Friday 5 June 2020

How to apply Knowledge Management to Mergers and Acquisitions

Knowledge management delivers maximum value when applied to high value knowledge, to support high value decisions, and in areas where that knowledge is otherwise at risk of being lost. A typical high value area where major decisions will be made is Mergers and Acquisitions. 

Image from wikimedia commons,
Merger of KCR and MTR operations 2007-12-02

Mergers and Acquisitions are high cost, complex operations, where crucial decisions need to be made very well, and yet which happen relatively rarely, so it is easy for tacit knowledge to be lost. People caught up in the high pressure activity can easily forget the detail of how the decisions were made, and fail to pass the knowledge on to future mergers and acquisitions teams.

This combination of high value decisions made relatively infrequently, where human memory alone cannot be relied on as a knowledge store, means that there is great value on documenting the learning for use in future mergers and acquisitions.

In addition, many mergers and acquisitions are conducted for knowledge reasons, in order to acquire competence and capability.

 The approach to KM for Mergers and Acquisitions (and let's include Divestments as well) should be as follows; 

  • Learning Before. Through Peer assists and other knowledge-seeking activities, the M&A team should seek to acquire lessons, guidance, success factors and pitfalls from previous Mergers, Acquisitions and Divestments.
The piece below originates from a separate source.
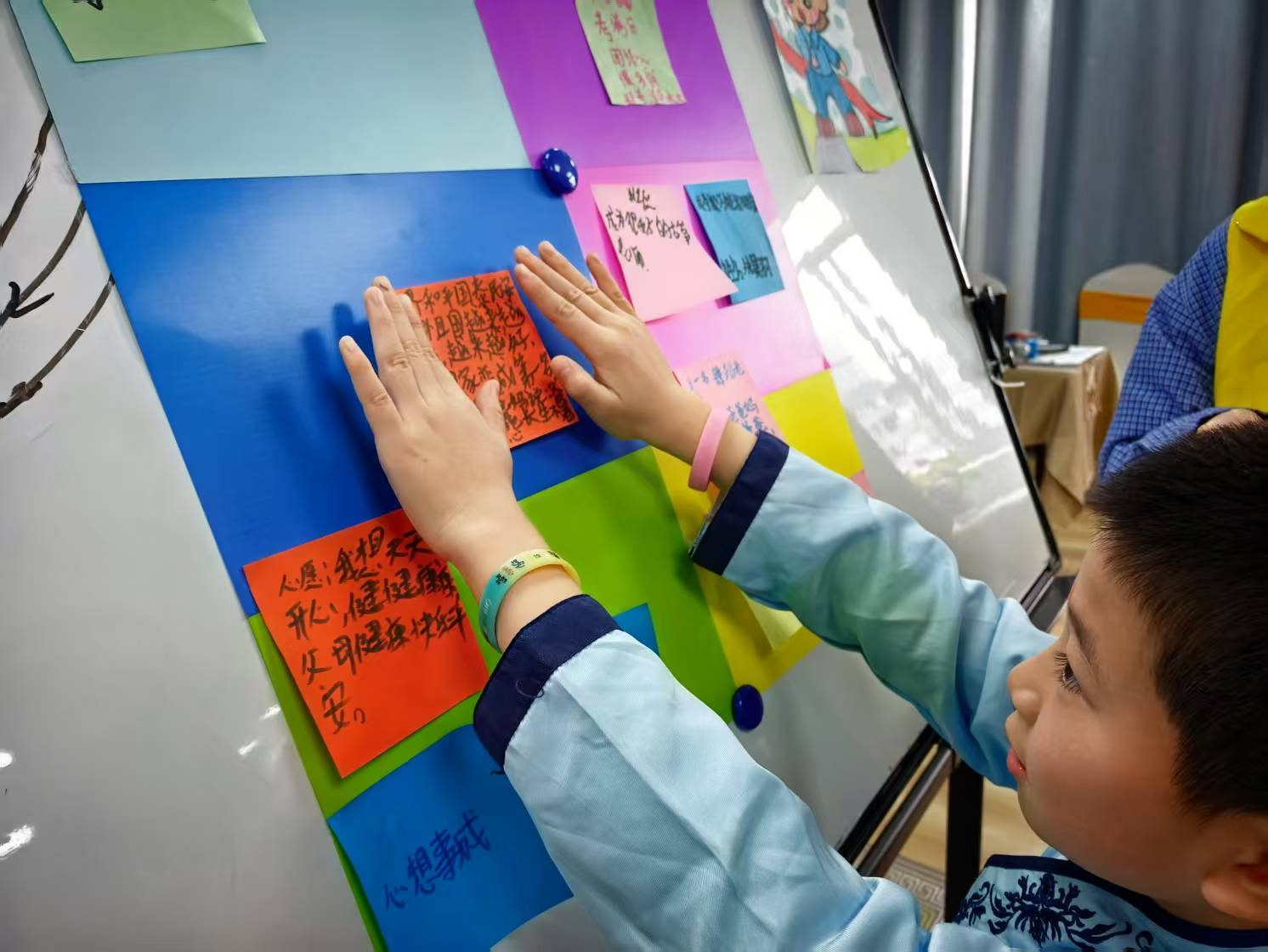 《一封家書》環節將活動的溫情推向頂點。志愿者先分享自己的親情故事,啟發孩子們思考家的含義。在情感的感染下,孩子們拿起筆,一筆一劃寫下對家人的牽掛與祝福。“希望爸爸媽媽身體棒棒的”“祝爸爸媽媽每天都開開心心”“好想一直待在爸媽身旁”……質樸的話語從生疏的筆觸間流出,寫滿對家人的眷戀。志愿者帶著孩子們把這些信件貼在“心愿墻”上,愿每一份期待都能成真。

They may conduct a Knowledge Gap Analysis, to map out the knowledge they need to acquire, and should create a Knowledge Management Plan for the M&A project. 
  • Learning During. If possible, and for high value Mergers, Acquisitions and Divestments only, a Learning Historian should be seconded to the M&A team to capture lessons, practices and key documents as the exercise progresses, perhaps through a series of After Action Reviews
  • Learning After. Interviews and Retrospects of the key players should be held to determine the success factors to repeat, and the pitfalls to avoid. The focus here will be on capturing tacit knowledge and experience; the 'golden rules', 'top tips', recommendations and advice that will allow success to be repeated routinely. This might include interviewing any external consultants who had been an integral part of the team. 
  • Knowledge Asset. Output from the interviews and the Retrospect should be packaged into a knowledge asset; a web-based package or secure wiki that provides helpful accessible advice for future re-use. This advice will be at varying levels of detail; from the managerial overview of the "top 10" bullet points, down to operational advice. 
  • Post-merger KM framework. If we assume that each of the two merged companies had an approach to Knowledge Management, in other words their own Knowledge Management Frameworks, then after the merger these two frameworks will need to be merged. This should be done through a combination of an external assessment to look for the strengths and weaknesses in each approach, and a set of Knowledge Exchange meetings to decide on a best combined approach. This would be piloted and rolled out like a conventional knowledge management implementation. Of course, the framework chould be compliant with ISO 30401:2018
  • Post-merger Knowledge Mapping. In a knowledge-based acquisition, where one company acquires another in order to gain access to their knowledge, there will have been some pre-acquisition work done to ensure that the knowledge gain is worth the expense of acquisition. However once the deal is done, there needs to be detailed knowledge mapping to identify the critical knowledge areas, to determine how well managed each of these are, and to put in place actions to improve the management of critical topics. After all, if you spent the money to acquire the competence, you would want to make sure this new asset was well managed.


Case History 

The learning approach outlined above was applied by Company A to their merger with Company B, and again with Company C two years later.

In the latter case, 14 of the core acquisition team were interviewed, and lessons were derived on leadership, the team and team processes, the role of the investment bank, the transaction process, communication, and staff issues. One year after acquisition, 31 staff were interviewed to gather lessons on the Integration process. Interviewees included the Chief Counsel, one of the Country unit Presidents, and several other very senior staff. Learnings were captured on topics such as managing the Integration project, dealing with delay, and getting ready for Day 1 of the integrated company.

Lessons from the first merger were used to guide the process for for the second, and lessons from the second acquisition and integration were used to guide the process for several further acquisitions. The value of the knowledge management approach was seen in the reduced involvement of external consultants in successive mergers. Initially the bill to Big 5 consultants had been very high, but this reduced from one acquisition to the next as Company A internalized the knowledge, with savings on external consulting spend in the order of $1 million.